A healthy increase in revenue in the four months to the end of April sees shares at hard landscaping expert Marshalls (MSLH) advancing 3.2% to 284.75p as the £550.3 million cap's trading update points to further growth going forward.
Group revenue for the period grew 12% to £127 million, which the group say represents strong comparatives with the same period last year. Sales into the public sector and commercial end markets provided much of the momentum. These areas now account for around 64% of total sales and showed a 17% increase on the same period a year earlier.

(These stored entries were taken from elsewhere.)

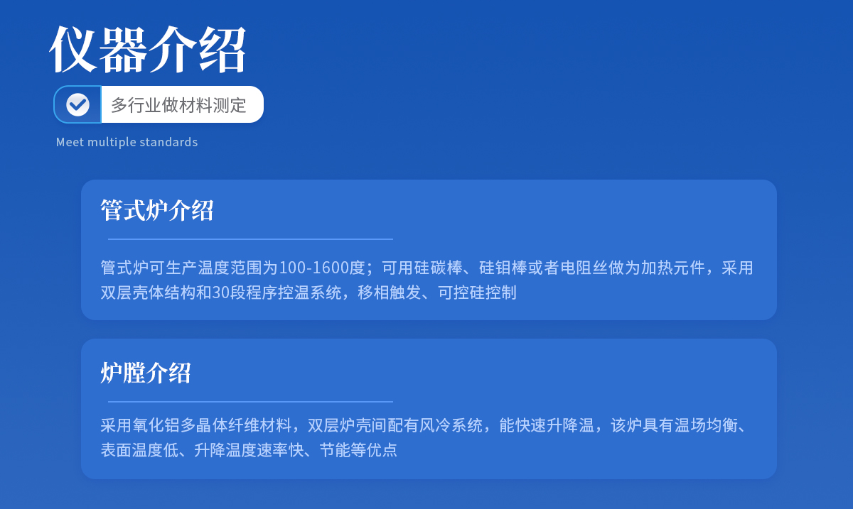 | 1、爐膛采用優(yōu)質(zhì)氧化鋁纖維材料,保溫性能好,耐用,拉伸強(qiáng)度高,無(wú)雜球,純度高,節(jié)能效果明顯; | 2、加熱元件采用優(yōu)質(zhì)HRE電阻絲,大大提高了其使用壽命; | 3、超溫報(bào)警,漏電保護(hù),操作安全可靠。 |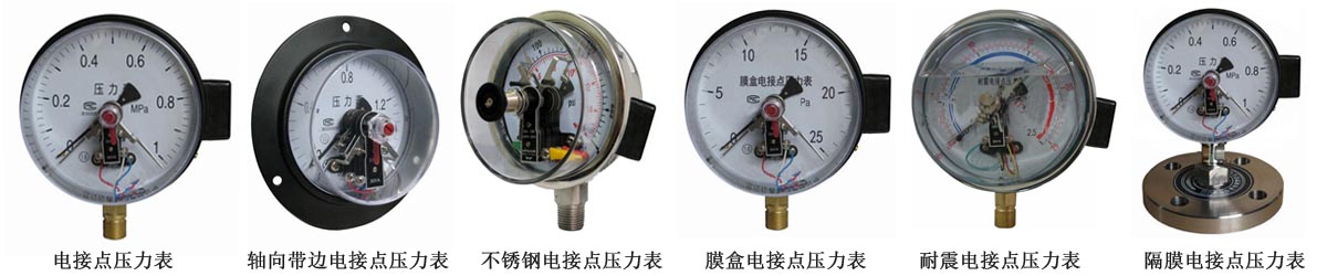 電接點(diǎn)壓力表具有測(cè)量控制功能,可任意設(shè)定上、下控制壓力值,動(dòng)作穩(wěn)定可靠,在石油、化工、電站、冶金等工業(yè)企業(yè)及機(jī)電設(shè)備上廣泛配套使用。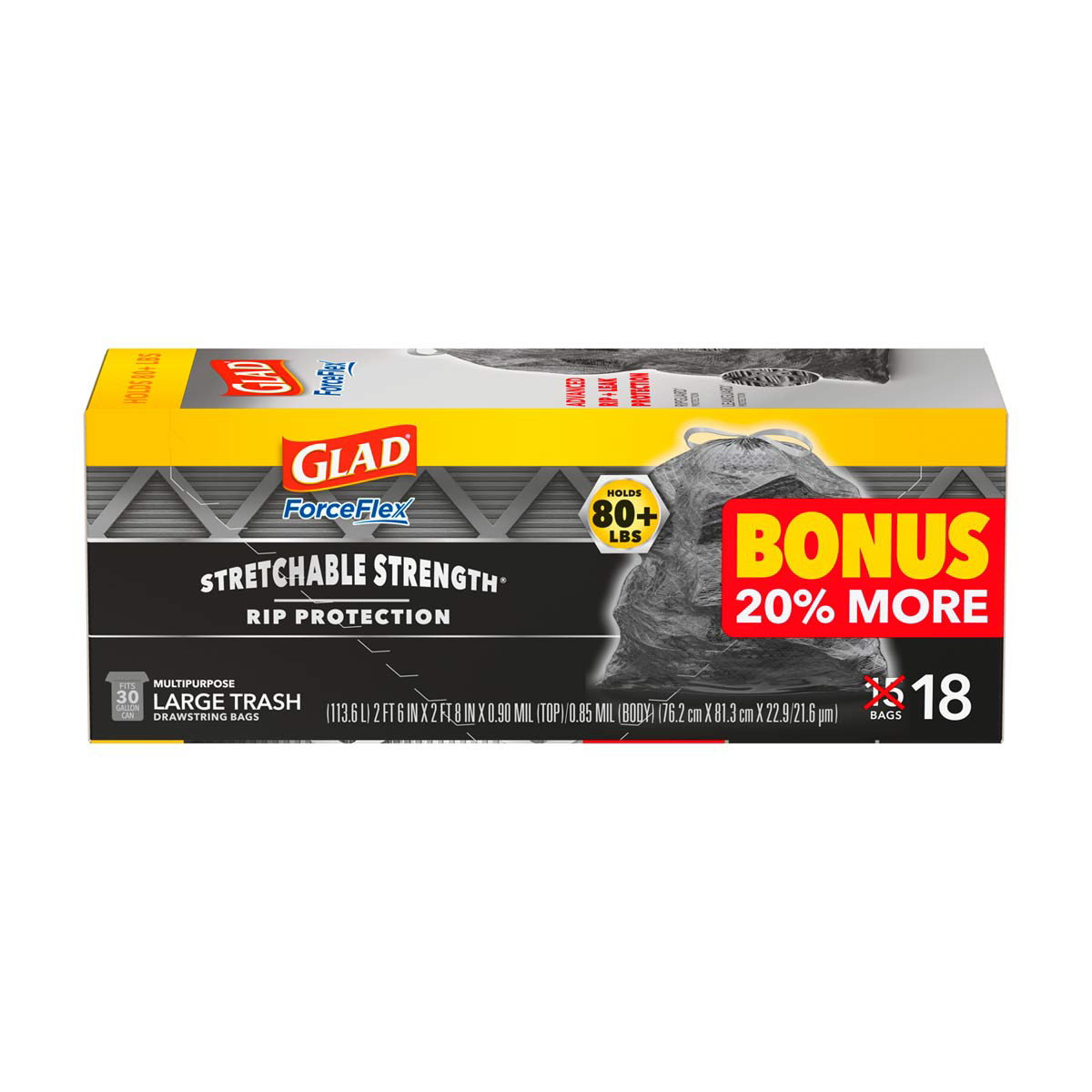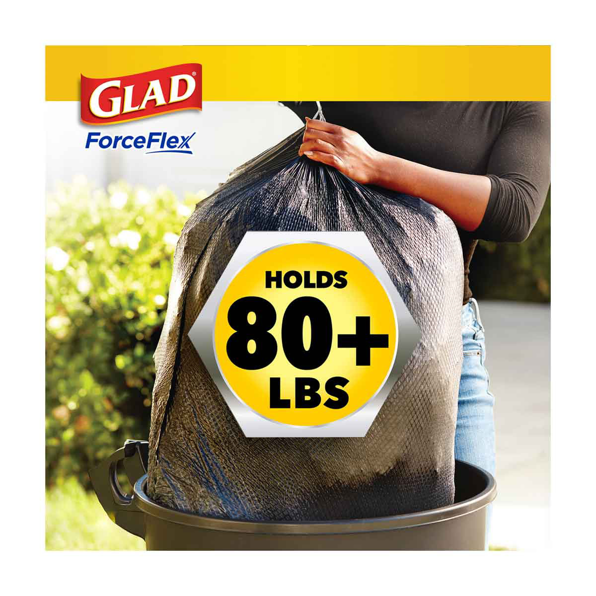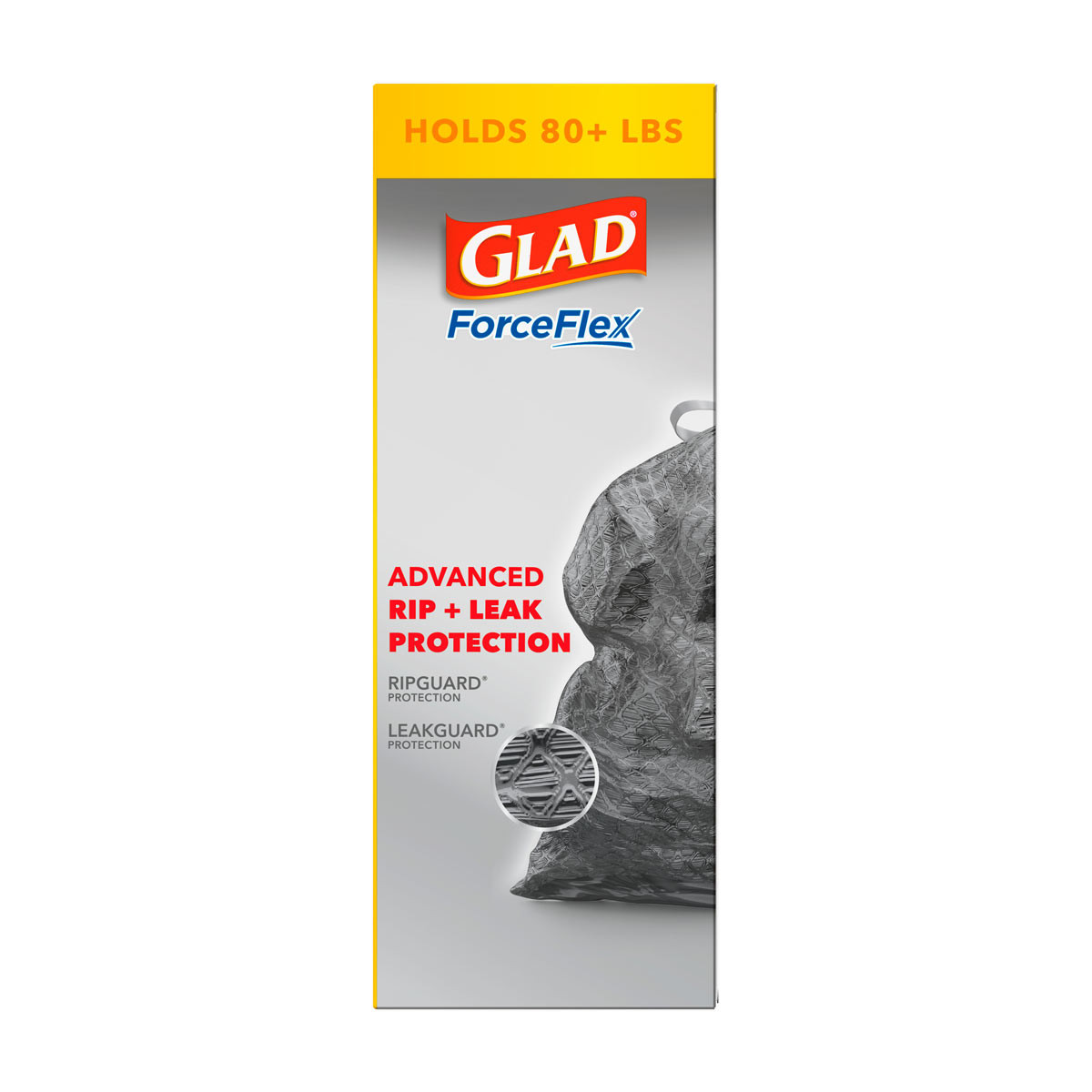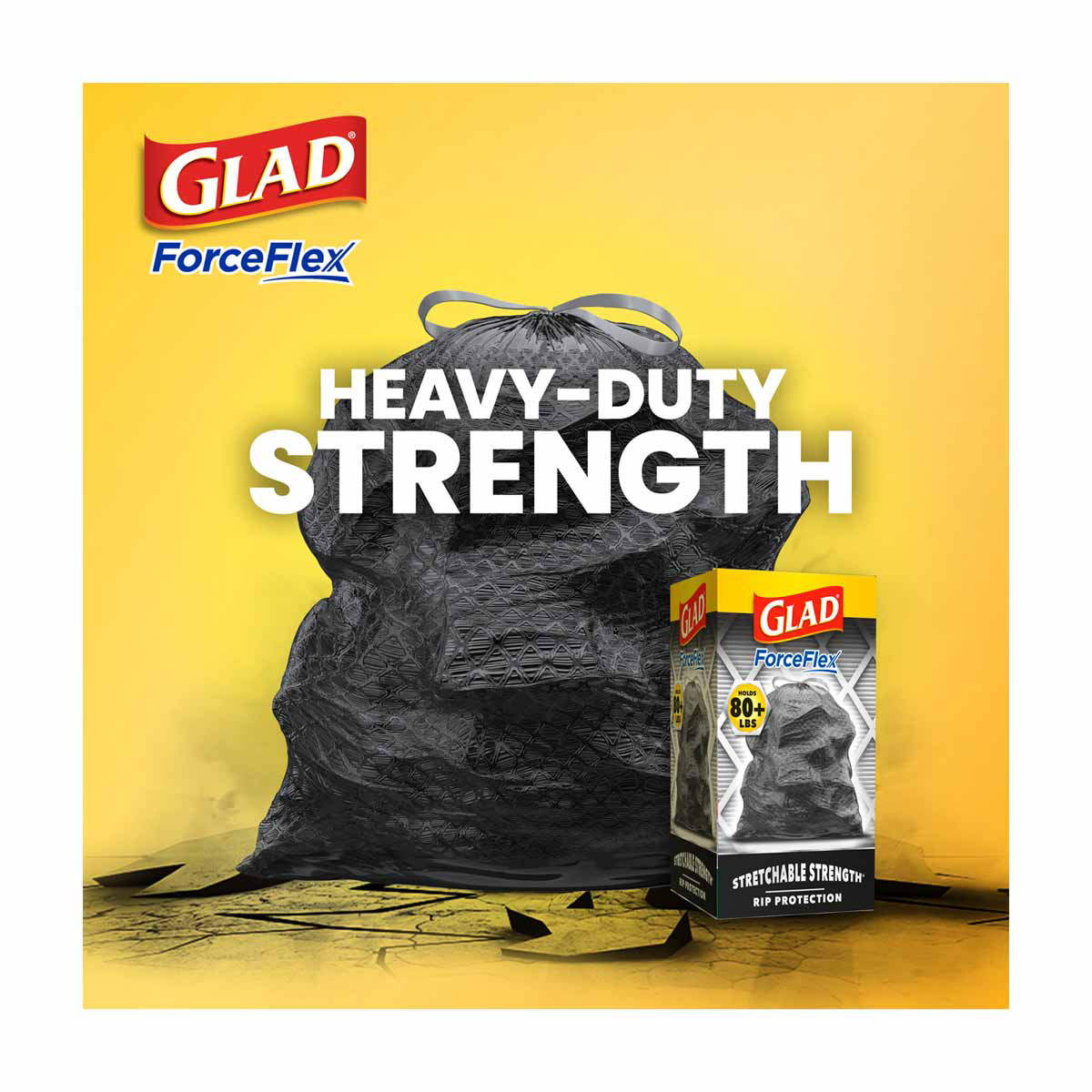 - FORCEFLEX TRASH BAGS: Glad®’s trusted ForceFlex technology allows the bag to stretch and expand over heavy loads with sharp edges, delivering durable strength; pack may vary

The group continues to target those parts of the market where higher levels of growth are anticipated, such as rail, newbuild housing, water management and street furniture. As highlighted when last we covered the stock on 30 April; 'research and development in growth areas like sustainable drainage and emerging smart technology being used in its new generation of street furniture help justify a 2015 consensus price to earnings ratio of 21.1 and make a good investment case compelling.'
Domestic sales meanwhile also reported a lift; rising 6% compared with the prior year period while international revenue also showed a modest uptick, adding 2% in turnover and representing 6% of total group revenue.
Going forward, investors should take heart from the Construction Products Association's Spring Forecast that predicts growth in UK market volumes of 5.5% in 2015, an improvement on their Winter Forecast, and growth of 4.0% in 2016.
So while Marshalls can point to an improving climate and a healthy balance sheet with net debt/EBITDA at around 0.8 times on gearing of 16.8%, it is product innovation that is proving eye-catching.
Sustainable drainage is one area where Marshalls continues to develop and sales in its proprietary ‘mono beany’ linear drainage systems are still expanding. But beyond the group’s innovations in stone and drainage, Marshalls is also developing a range of interactive and intelligent street furniture designed to make public realms more accessible.